Records to process:
==========
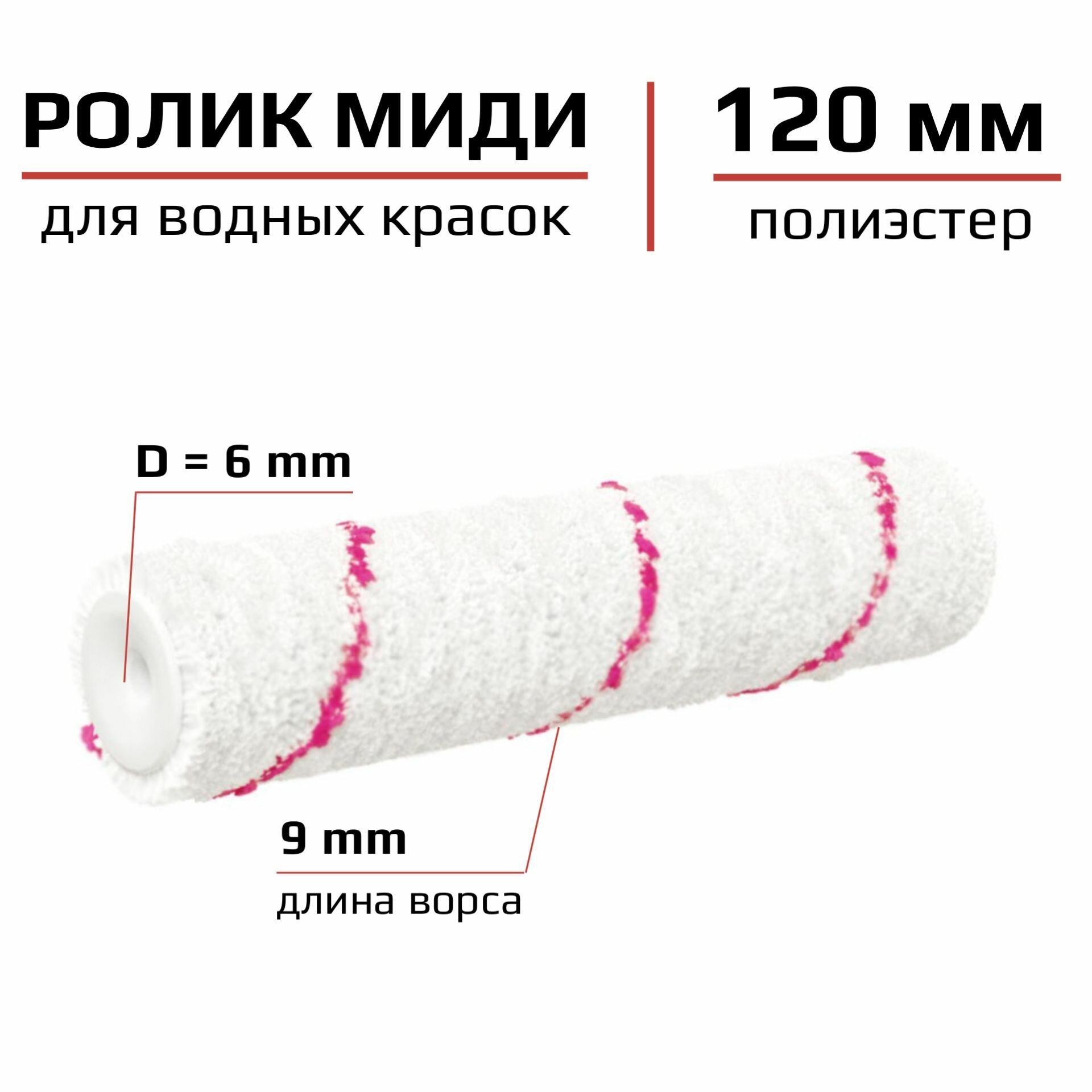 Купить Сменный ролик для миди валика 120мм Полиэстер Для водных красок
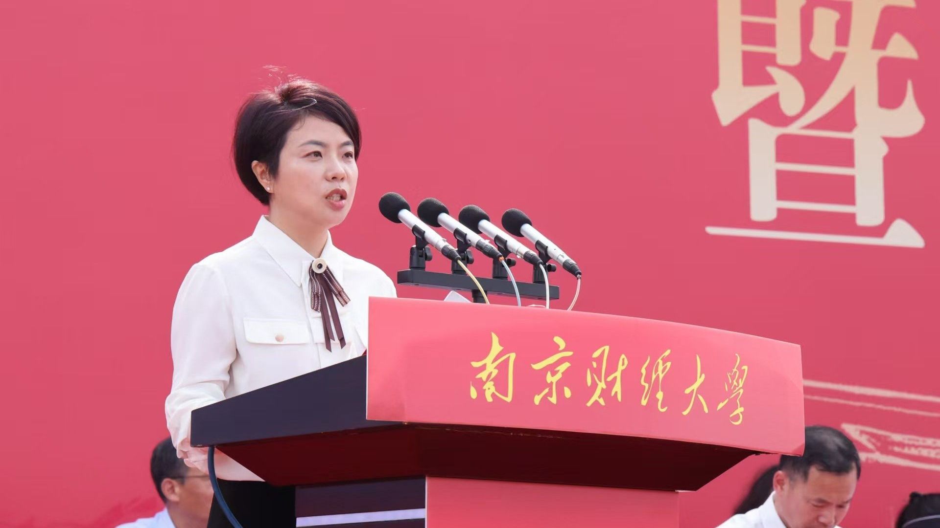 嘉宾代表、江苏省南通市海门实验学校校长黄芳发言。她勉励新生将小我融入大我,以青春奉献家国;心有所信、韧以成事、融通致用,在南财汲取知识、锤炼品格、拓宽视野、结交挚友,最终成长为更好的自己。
==========
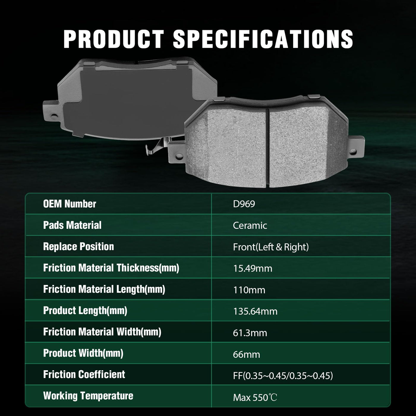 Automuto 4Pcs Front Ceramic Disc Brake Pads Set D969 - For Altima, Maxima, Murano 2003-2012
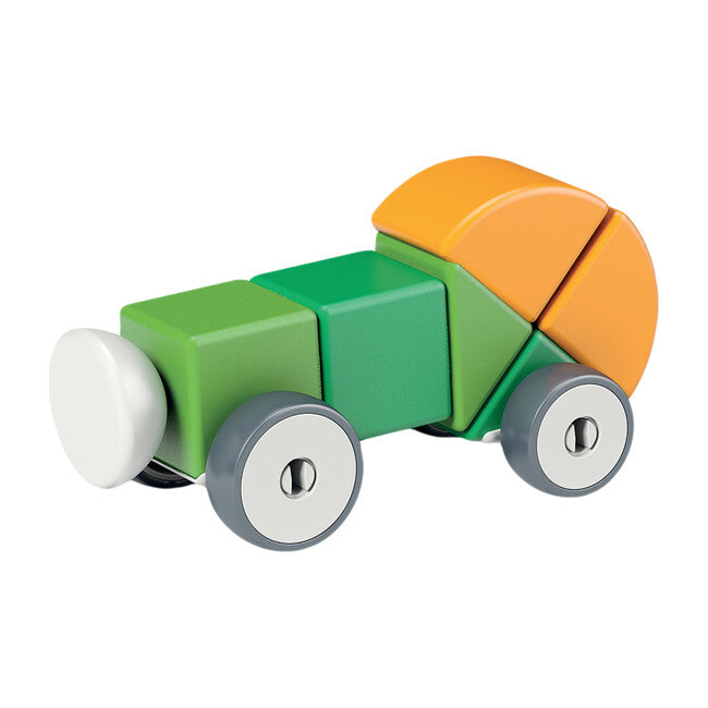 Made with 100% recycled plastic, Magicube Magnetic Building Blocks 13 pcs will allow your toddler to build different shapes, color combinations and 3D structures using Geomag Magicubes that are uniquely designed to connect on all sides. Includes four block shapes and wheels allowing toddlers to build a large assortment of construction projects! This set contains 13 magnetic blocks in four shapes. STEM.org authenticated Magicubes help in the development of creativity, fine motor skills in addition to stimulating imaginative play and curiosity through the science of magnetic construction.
==========
Work task:
From the material above, give again exactly the lines from the one that contains "Automuto 4Pcs Front" through the one that contains "Made with 100%", and leave out the pictures.

Response area:
 Automuto 4Pcs Front Ceramic Disc Brake Pads Set D969 - For Altima, Maxima, Murano 2003-2012
 Made with 100% recycled plastic, Magicube Magnetic Building Blocks 13 pcs will allow your toddler to build different shapes, color combinations and 3D structures using Geomag Magicubes that are uniquely designed to connect on all sides. Includes four block shapes and wheels allowing toddlers to build a large assortment of construction projects! This set contains 13 magnetic blocks in four shapes. STEM.org authenticated Magicubes help in the development of creativity, fine motor skills in addition to stimulating imaginative play and curiosity through the science of magnetic construction.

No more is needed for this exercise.